The lines below, from the one holding "Décédé à Chanly (6921)" through the one holding "柏倉一統さんによりますボタニカルなリースづくりのワークショップが開催されます。", are to be restated word for word, with all images left out.

--- MATERIAL FOR THE TASK Enclosed Below ---

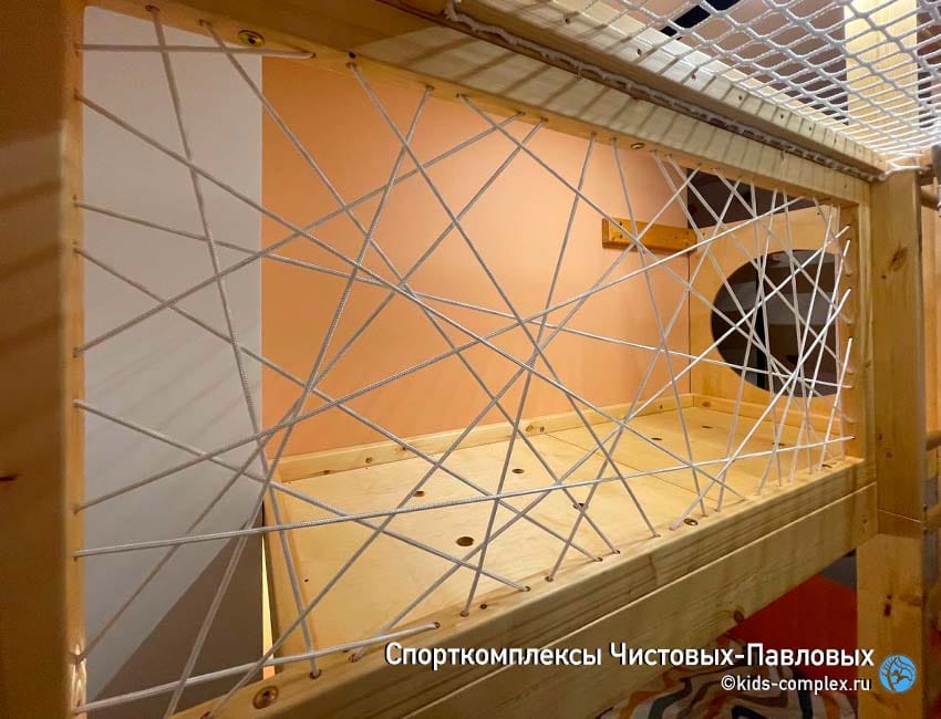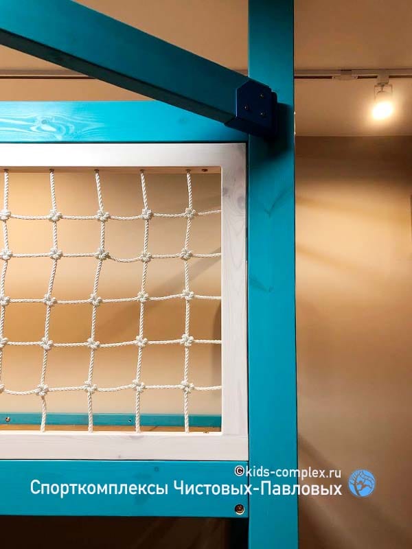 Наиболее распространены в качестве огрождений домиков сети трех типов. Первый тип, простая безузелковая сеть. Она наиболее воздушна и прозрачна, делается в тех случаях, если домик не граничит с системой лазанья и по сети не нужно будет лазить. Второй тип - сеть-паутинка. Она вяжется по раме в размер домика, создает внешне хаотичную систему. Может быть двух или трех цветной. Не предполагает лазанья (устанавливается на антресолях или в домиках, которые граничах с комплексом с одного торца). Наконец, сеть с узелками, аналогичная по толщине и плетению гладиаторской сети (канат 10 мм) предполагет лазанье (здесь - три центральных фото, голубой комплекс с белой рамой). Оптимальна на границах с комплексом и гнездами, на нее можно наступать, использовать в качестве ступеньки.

--- End of Enclosed MATERIAL FOR THE TASK ---
--- MATERIAL FOR THE TASK Enclosed Below ---

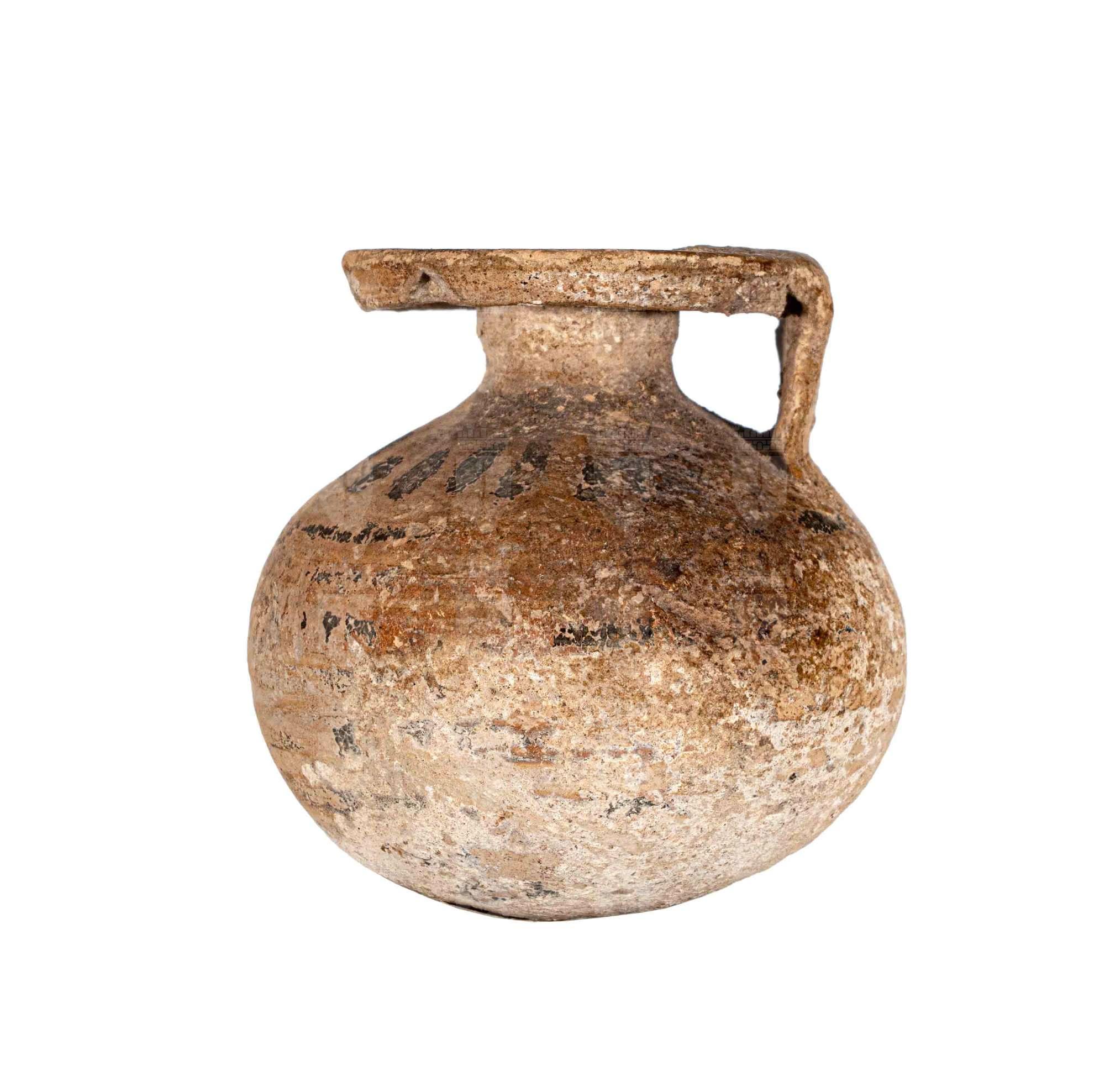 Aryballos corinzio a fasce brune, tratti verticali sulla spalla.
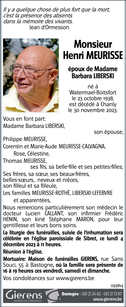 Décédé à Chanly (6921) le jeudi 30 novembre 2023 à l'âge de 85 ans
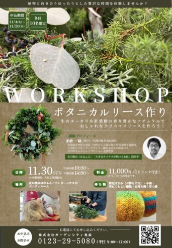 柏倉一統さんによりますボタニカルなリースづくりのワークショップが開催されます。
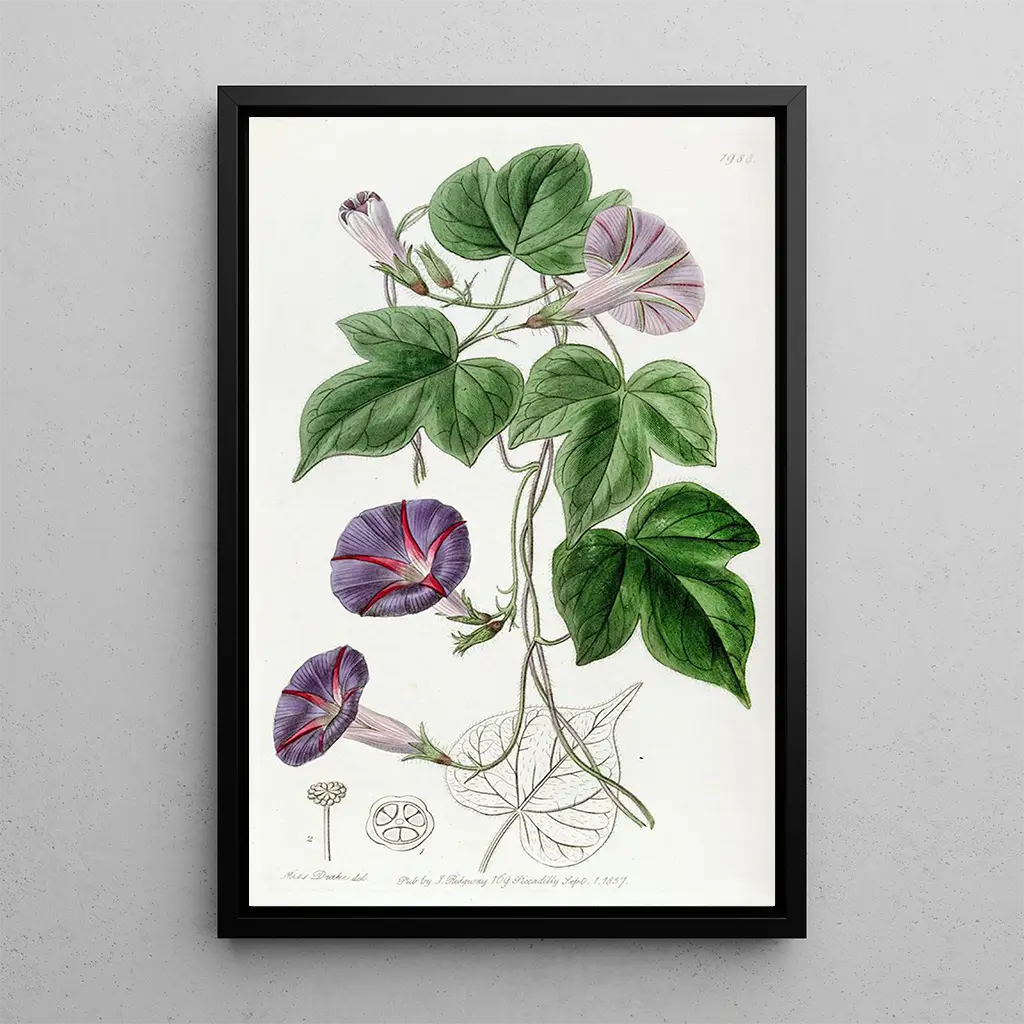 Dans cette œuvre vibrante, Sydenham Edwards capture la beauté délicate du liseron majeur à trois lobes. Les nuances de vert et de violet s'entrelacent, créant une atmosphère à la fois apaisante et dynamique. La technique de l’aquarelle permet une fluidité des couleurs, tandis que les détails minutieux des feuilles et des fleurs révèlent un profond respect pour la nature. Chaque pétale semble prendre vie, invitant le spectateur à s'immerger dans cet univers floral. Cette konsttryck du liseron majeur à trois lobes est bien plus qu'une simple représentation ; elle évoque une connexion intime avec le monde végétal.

--- End of Enclosed MATERIAL FOR THE TASK ---

* _RESPONSE TO THE EXERCISE_:
 Décédé à Chanly (6921) le jeudi 30 novembre 2023 à l'âge de 85 ans
 柏倉一統さんによりますボタニカルなリースづくりのワークショップが開催されます。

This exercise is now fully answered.